Depuis La robe, son premier roman paru chez José Corti en 2008, on a salué la singularité de Robert Alexis. Se tenant en marge de Paris et du milieu littéraire, de toutes les modes et de tous les courants, ce styliste sème sur sa route et à son rythme des livres précieux et divers. Mais avec comme dénominateur commun une volonté d'explorer les tréfonds de l'âme humaine, surtout dans ce qu'elle a de pire. Ici, comme le nom de >Mammon >- l'un des trois anges de l'Enfer spécialisé dans la cupidité - nous l'indique, Alexis a bâti une fable métaphysique qui se dissimule derrière un roman d'aventures à double détente.
En préambule, Nadine, une journaliste d'investigation aussi brillante que dénuée de scrupules, se voit accusée d'être à l'origine du suicide d'un homme politique plus ou moins compromis dans des trafics. Toute ressemblance avec l'affaire Bérégovoy est évidemment voulue. Après quoi, licenciée de son magazine, Nadine est invitée en Suisse par l'énigmatique milliardaire Bertrand Moreau, qui lui promet bien d'autres scoops. Mais, avant de toucher sa récompense, elle va devoir écouter le récit de la vie du vieil homme et sur quelles bases il a bâti son immense fortune.

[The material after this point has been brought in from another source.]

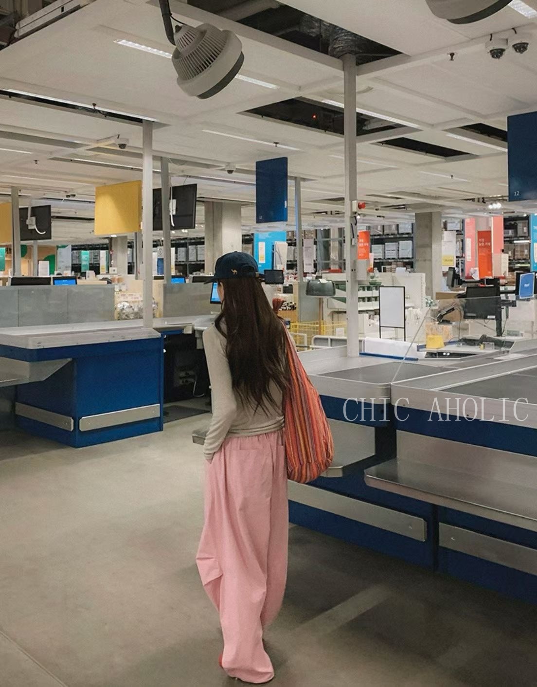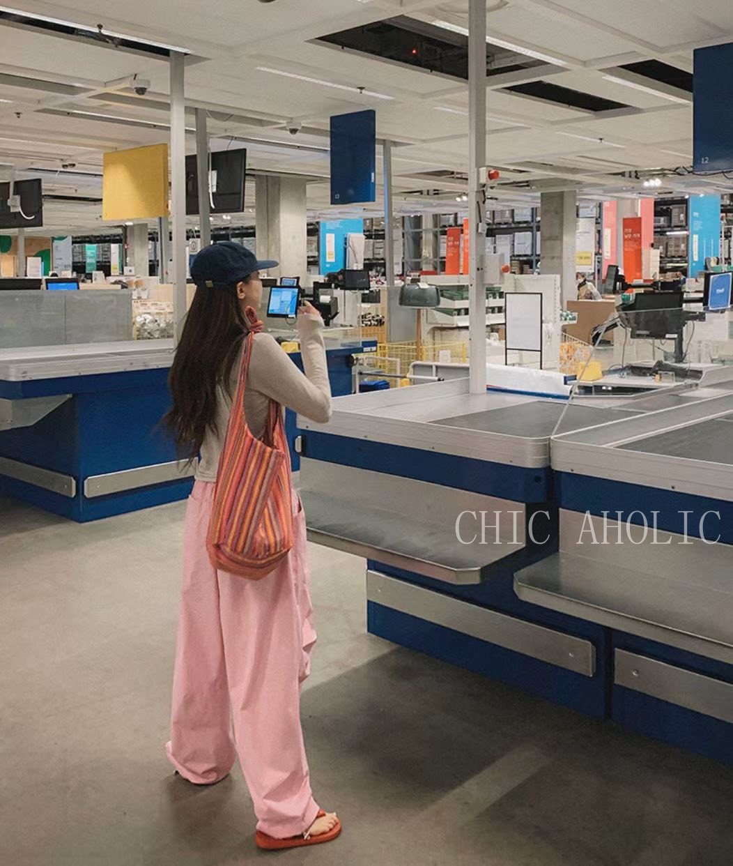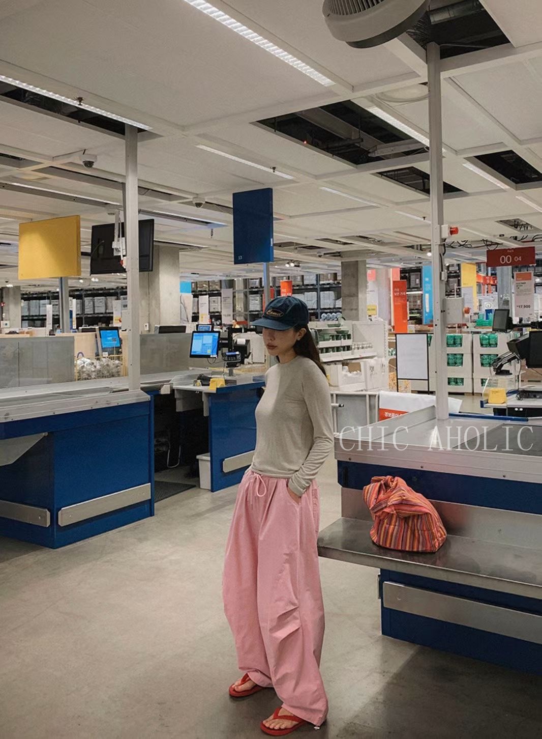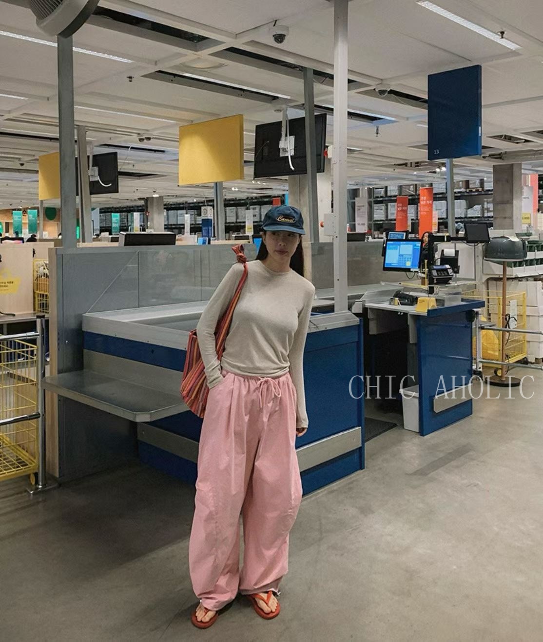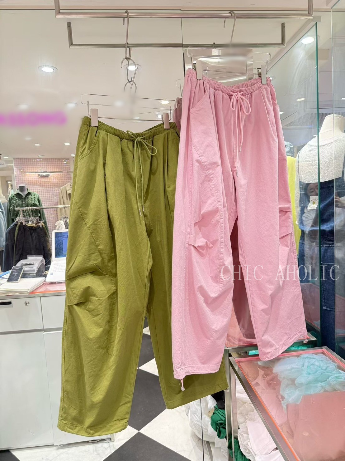 JK68三層摺痕粉色工裝褲

En l'occurrence, alors qu'il était officier dans l'armée française en Indochine, en 1951, il a assassiné un vieux brahmane détenteur d'un fabuleux secret : l'emplacement, près du temple de Tumpor, d'un trésor de rubis. Au fil du récit, qui tient à la fois d'Indiana Jones et de La voie royale, Nadine va éprouver pour Moreau une réelle fascination : tous deux sont des prédateurs, des assassins prêts à tout pour parvenir à leurs fins. L'argent, et le pouvoir qu'il confère.

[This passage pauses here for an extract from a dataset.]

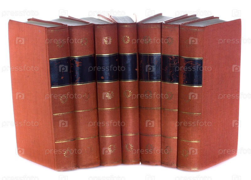Старинные книги Гете в ряд, изолированные на белом фоне

Voilà pour la morale de l'histoire. Mais le plus beau, le plus fort du livre, là où Alexis marche dans les pas du Conrad d'Au coeur des ténèbres et du jeune Malraux, se situe dans le récit cambodgien de Moreau. Avec sa barbarie, ses ambiguïtés (n'est-il pas tombé amoureux de son collègue, le beau et fragile Simon ?), ses descriptions d'une nature sublime et inviolée, et de populations indigènes encore préservées - très provisoirement - de l'avancée pervertissante de l'Occident. Un moment, à Tumpor, Moreau, devenu le disciple de Wet Samoraï, un moine bouddhiste, manque renoncer à tout, et demeurer là. Et puis son gourou lui révèle que les rubis, pour échapper à la convoitise du Viêt-minh, ont été cachés aux pieds d'hévéas. Une plantation de 10 000 hectares, pactole qu'il lui offre en prime.

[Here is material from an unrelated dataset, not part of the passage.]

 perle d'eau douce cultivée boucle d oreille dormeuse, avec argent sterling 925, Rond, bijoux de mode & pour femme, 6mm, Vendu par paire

De retour en France après Diên Biên Phu, Moreau deviendra riche, mais jamais vraiment heureux. Solitaire, et souffrant toujours du remords de sa faute originelle : l'assassinat du vieux brahmane cambodgien. Au point, pour boucler son triste destin, de révéler à Nadine des secrets qui risquent de l'emporter lui-même dans la tempête. Mammon est un maître redoutable, on ne le sert jamais impunément. Mauriac, dans un essai fameux, ne disait pas autre chose. Robert Alexis, on le voit, s'est choisi d'excellents maîtres. A qui il fait honneur.